To ensure the new system could function properly, `NewFusionSystem` should at least override the interface Init(), Fuse(), Name() defined in `base_fusion_system`. Init() is resposible for config loading, class member initialization, etc. And Fuse() will implement the basic logic of system. A concrete `NewFusionSystem.cc` example is shown：

```c++
namespace apollo {
namespace perception {
namespace fusion {

bool NewFusionSystem::Init(const FusionInitOptions& init_options) {
    /*
    Initialization of your system
    */
}

bool NewFusionSystem::Fuse(const FusionOptions& options,
                           const base::FrameConstPtr& sensor_frame,
                           std::vector<base::ObjectPtr>* fused_objects) {
    /*
    Implementation of your system
    */
}

std::string NewFusionSystem::Name() const {
    /*
    Return your system's name
    */
}

FUSION_REGISTER_FUSIONSYSTEM(NewFusionSystem); //register the new fusion_system

}  // namespace fusion
}  // namespace perception
}  // namespace apollo
```


## Add config and param proto file for `NewFusionSystem`

Follow the following steps to add config proto file for the new system:

1. Define a `proto` for the new system configurations according to the requirements of your algorithm.
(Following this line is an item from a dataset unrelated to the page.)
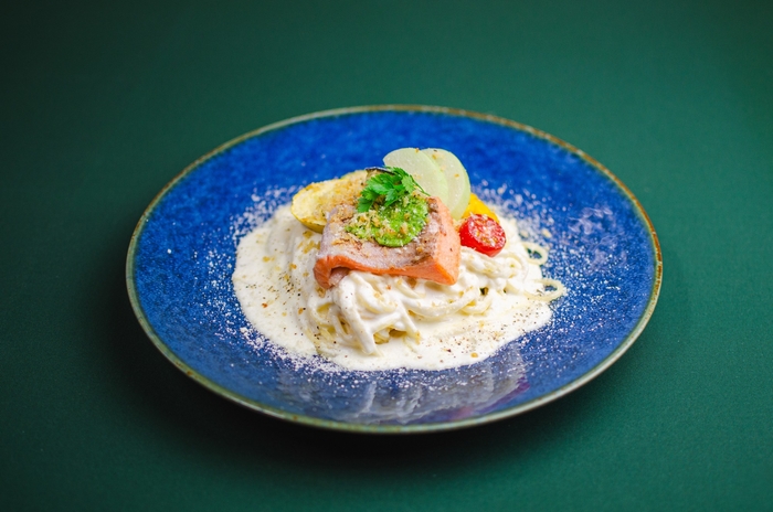 8)信州サーモンと夏野菜のレモンクリームパスタ / ¥1,480(税込)

As a reference， you can found and follow the `proto` definition of `probabilistic_fusion_config` at `modules/perception/proto/probabilistic_fusion_config.proto`

2. Once finishing your `proto`, for example `newfusionsystem_config.proto`, add the following content at the file header:

    ```protobuf
    syntax = "proto2";
    package apollo.perception.fusion;

    message NewFusionSystemConfig {
        double parameter1 = 1;
        int32 parameter2 = 2;
    }
    ```

3. Refer to `modules/perception/production/conf/perception/fusion/config_manager.config` and add your system path:

    ```protobuf
    model_config_path: "./conf/perception/fusion/modules/newfusionsystem.config"
    ```

4.  Refer to the `modules/probabilistic_fusion.config` in the same folder and create `newfusionsystem.config`:

    ```protobuf
    model_configs {
        # NewFusionSystem model.
        name: "NewFusionSystem"
        version: "1.0.0"
        string_params {
            name: "root_dir"
            value: "./data/perception/fusion/"
        }
        string_params {
            name: "config_file"
            value: "newfusionsystem.pt"
        }
    }
    ```

5. Refer to `probabilistic_fusion.pt` and create `newfusionsystem.pt` file at `modules/perception/production/data/perception/fusion/`：

    ```
    Note：The "*.pt" file should have the same format with the "proto" files defined in step 1，2.
    ```

## Update config file to put your system into effect

To use your new fusion system in Apollo，you need to modify the value of `fusion_method` to your system's name in `fusion_component_conf.pb.txt` located in corresponding folder in `modules/perception/production/data/perception/fusion/`

Once you finished the above modifications, you new fusion system should take effect in Apollo.